"_Chis! chito! Es posible?_ A spy, perhaps. Now you will love Van Dorn,
or Grandma Cannon shall hear your letter read!"
"Give it to me, Captain," Hulda pleaded; "she will kill me if she reads
it."
"If it were sent, _pomarosa_, we all might die. No, you are too
dangerous."
He looked, without his blush, at the shilling she was putting back in
her bosom, and his eye was cold and fierce.
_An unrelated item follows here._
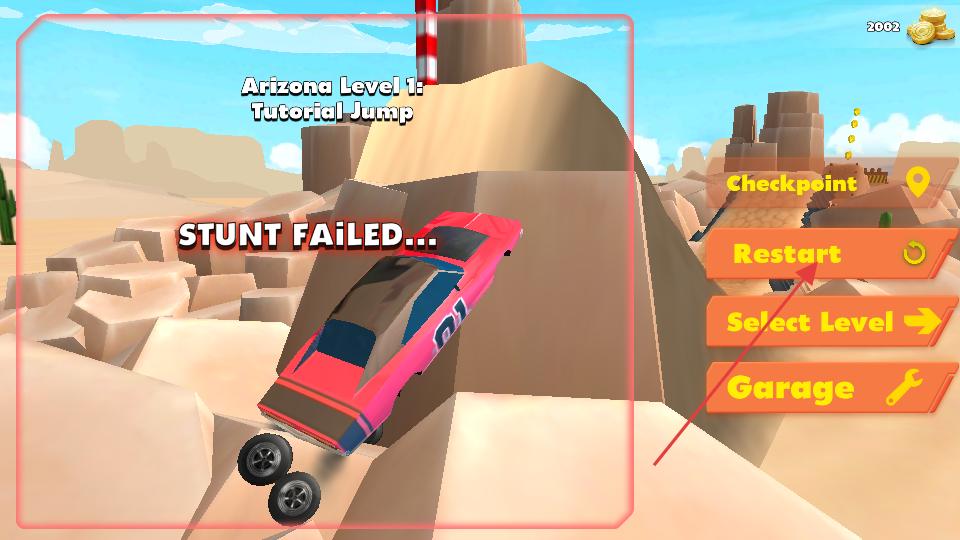 4、若特技失敗界面顯示STUNTFAILED,此時點擊Restart按鈕,重新開始該關卡的挑戰,繼續操控賽車在沙漠賽道上行駛、收集金幣和完成特技。

Hulda's heart sank down.
"Brother Isaac," cried Jacob Cannon, to a man of fine, lean height, who
was at the desk--a man a little shorter than Jacob, and not so much of a
king in appearance but with the same whitish eyes dancing around the
bridge of his nose, and a more covert and thoughtful brow--"Brother
Isaac, Captain Van Dorn is chicken-hearted, and wants to settle the debt
of the Widow O'Day, otherwise Daw."
"By cash or judgment-note, captain?"
"Cash," answered Van Dorn, modestly; "take it out of this double-eagle,
with Madam Cannon's rent for your farm."
"There's a tree--a bee-tree, Brother Jacob, I think you said--cut down
from Mrs. Cannon's field?"
"Yes, actionable under statute made and provided, wilfully to spoil or
destroy any timber or other trees, roots, shrubs, or plants; value of
said bee-tree three dollars; _levari facias!_ The quotient is
unsatisfactory to Isaac and Jacob Cannon."
The eyes of the elder and smaller brother endeavored to have an
introduction to each other through the bridge of his nose.